AI in software development is moving beyond just writing code. The next frontier is making sure that code actually does what it’s supposed to, including enabling AI to validate its own work against clearly defined requirements.
With that in mind, AI Native Dev last week reported on Amazon’s move to bring custom agents into its Q Developer CLI, allowing developers to spin up purpose-built versions of Q Developer (Amazon’s AI coding assistant) scoped to particular tasks. What makes that especially powerful is how those agents can plug directly into Kiro, an agentic IDE AWS debuted in July that turns natural-language prompts into structured specifications like requirements, design notes, and implementation guides, then uses them to steer the development process (listen to the AI Naive Dev podcast all about Kiro).
Now, the folks at AWS are showcasing how Q CLI agents can be guided by those very specifications, using Kiro’s structured docs as both blueprint and test plan. Instead of a developer telling an agent what to check, the spec itself defines what should be validated.
AI goes from code generation to self-validation
Massimo Re Ferrè, a product management director at AWS, introduced a hands-on experiment that did just that.
“I often spend time to check manually if the result of my prompt leads to good results… why should I (or someone in QA) follow that checklist, instead of having ‘an AI’ go through it, and report back with its findings?,” Re Ferrè wrote. “Enter Amazon Q CLI.”
Instead of manual QA, Re Ferrè crafted a custom Q CLI agent equipped with Playwright (for UI automation) and Fetch (for API testing), exposed as MCP servers. He defined it in a simple JSON config — giving the agent access to those tools, pointing it at Kiro’s requirements.md
, and restricting its permissions so it could read files and run checks but not alter the codebase. From there, the agent navigated the generated application and validated each acceptance criterion, producing a structured report of passes, failures, and partial matches.
{ "$schema": "https://raw.githubusercontent.com/aws/amazon-q-developer-cli/refs/heads/main/schemas/agent-v1.json", "name": "kiroqa", "description": "An agent to QA Kiro specs requirements", "mcpServers": { "fetch": { "command": "uvx", "args": \["mcp-server-fetch"\] }, "playwright": { "command": "npx", "args": \["@playwright/mcp@latest"\] } }, "allowedTools": \["fs\_read", "execute\_bash", "@fetch", "@playwright"\], "resources": \["file://requirements.md"\] }
Next, Re Ferrè extended the setup with a companion markdown file, test_requirements_prompt.md
, which laid out what the agent should do during its QA run. Rather than hand-craft it, he prompted Q CLI to generate the script, then iterated between manual tweaks and further AI refinements. With that in place, he ran his go-to “litmus test” (a small Flask voting app spec) and let the agent automatically check each acceptance criterion, outputting a structured report of passes, failures, and partial matches.

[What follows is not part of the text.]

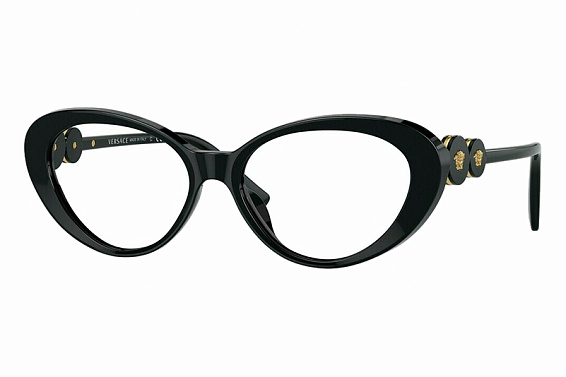 Овальные очки, из материала пластик и цвете черный помогут понять основные черты новой коллекции оправ модного бренда VERSACE.

A proof-of-concept with promise
Re Ferrè is careful to frame the exercise as a proof-of-concept, rather than a production-ready setup. The experiment shows how agents can validate Kiro’s specs automatically, but he also emphasizes the importance of keeping them constrained and under human control. And while his conclusions are worth noting, they also come with the caveat that Re Ferrè is an AWS employee, so he is incentivized to present the company’s tools favorably. But of course, anyone is free to take the same approach and test it for themselves.
Nonetheless, the experiment demonstrates a practical loop where AI not only builds software but also validates it against the specifications that defined it. It’s a glimpse at a future where QA is continuous, automated, and spec-driven by design.